Matters of Yonkers Wholesale Beer Distributors, Inc. and McDine; Division’s Rep: Stephanie M. Scalzo; Taxpayer’s Rep: Michael Buxbaum; Articles 28 and 29 (by Joe Endres).

Two weeks in a row the Tribunal issues a sales tax methodology decision and two weeks in a row the taxpayer loses primarily due to a lack of evidence. Let’s dive in . . . .

This case addresses three issues: (1) were penalties appropriately imposed on the business for failing to file informational returns, (2) was the tax assessment improper or erroneous, and (3) was the proposed cancellation of the business’s certificate of authority improper. The Petitioners lose on all issues. Here’s why:

1.) Informational Return Penalties

The Tax Law obligates certain businesses to make informational returns to the Tax Department.  One such business is an alcoholic beverage wholesaler. These wholesalers are required to file an annual transaction information return that details all sales of alcoholic beverages where no sales tax was collected. See Tax Law § 1136(i).

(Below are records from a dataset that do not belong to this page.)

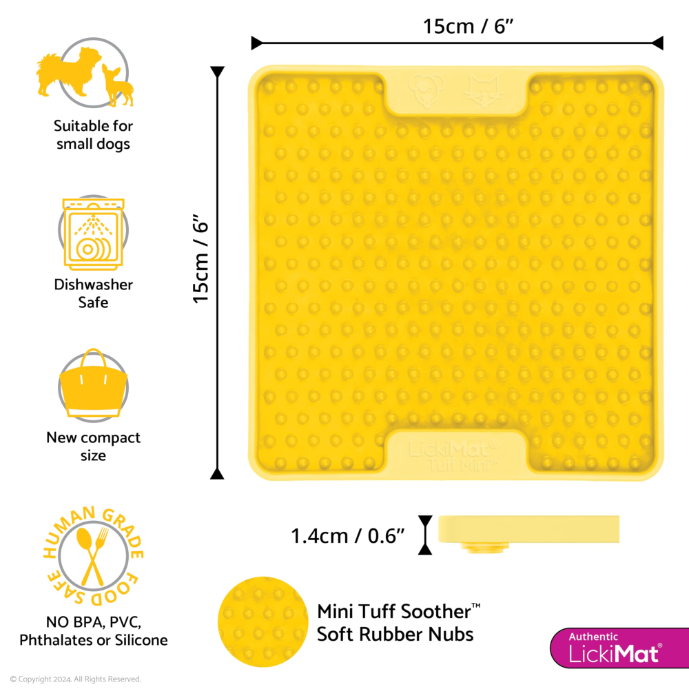 Entretenga, distraiga Y reduzca la ansiedad y el aburrimiento con Licki Mat® Mini Soother™. Los LickiMats están desarrollados por veterinarios en Australia y los entrenadores y veterinarios los recomiendan como alimentadores lentos y saludables que promueven un aliento fresco, una mejor salud bucal y digestión.
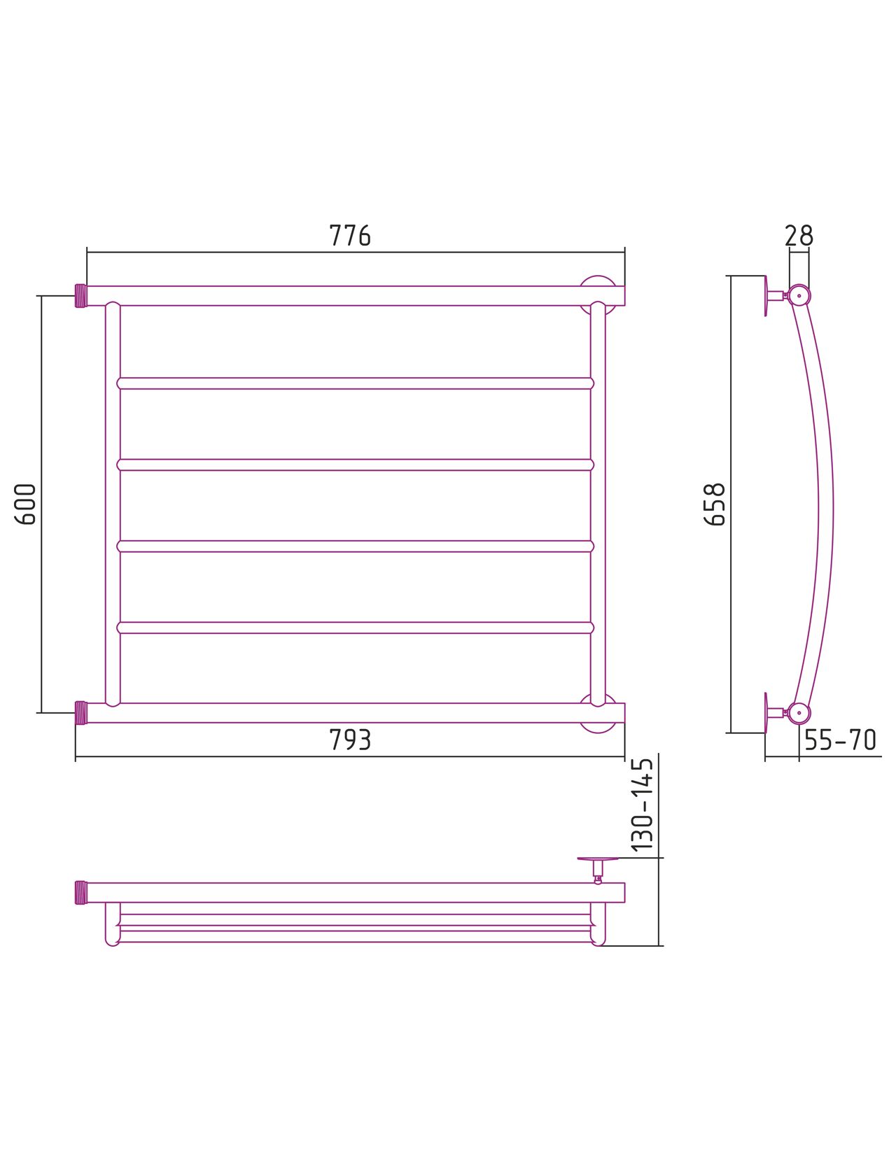 Полотенцесушитель водяной Стилье Минор 0602 600х800 (4) Г
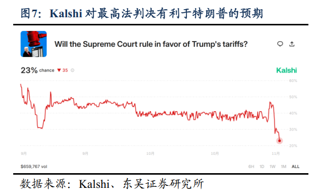 今年5月,美国国际贸易法院裁定特朗普依据国际紧急经济权利法(IEEPA)征收对等关税不符合法案本身内容,特朗普随后一路上诉至最高法院。11月5日,美国最高法院将就该案进行了口头辩论,随后法院将举行闭门会议对案件进行初步投票和讨论,并撰写多数派意见书。由于总统绕过国会授权,依据IEEPA无限制加征关税这一行为违反了三权分立这一美国政治制度设计的核心价值观,因此虽然当前最高法的9位大法官中有6位由共和党总统提名、其中3位更是由特朗普本人提名,但当前市场仍预期最高法院大概率将裁定IEEPA关税违法。而在最高法院口头辩论后,博彩网站Kalshi与Polymarket分别预测最高法院对IEEPA的裁决有利于特朗普的概率仅有23%、25%。
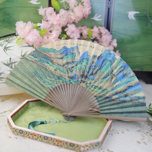 8寸印花-松山访友-无流苏30根扇骨_工艺扇

The Division uses the information in these returns “to review the sale of alcoholic beverages by wholesalers . . . and to determine the accuracy of income and sales tax returns filed, in turn, by vendors to whom such sales are made.”

This is a good reminder to accountants and other tax practitioners: You may not represent any large alcoholic beverage wholesalers, but if you represent restaurants, bars and /or liquor stores that buy from these wholesalers, it’s good to keep in mind that big brother is watching the amount of product your clients purchase. If one of those clients receives an audit notification letter from the Division, it’s likely that the Division already has a significant amount of information in its audit file regarding the business’s purchases. Further, the wholesalers are obligated to provide their customers with a copy of the information in the informational return (Tax Law § 1136(i)(4)). So, a best practice might be to ask your liquor buying business clients for a copy of this information to make sure inventory purchases makes sense in relation to the amount of sales reported by those clients. If not, you should have a serious conversation with that client because an audit probably isn’t too far off.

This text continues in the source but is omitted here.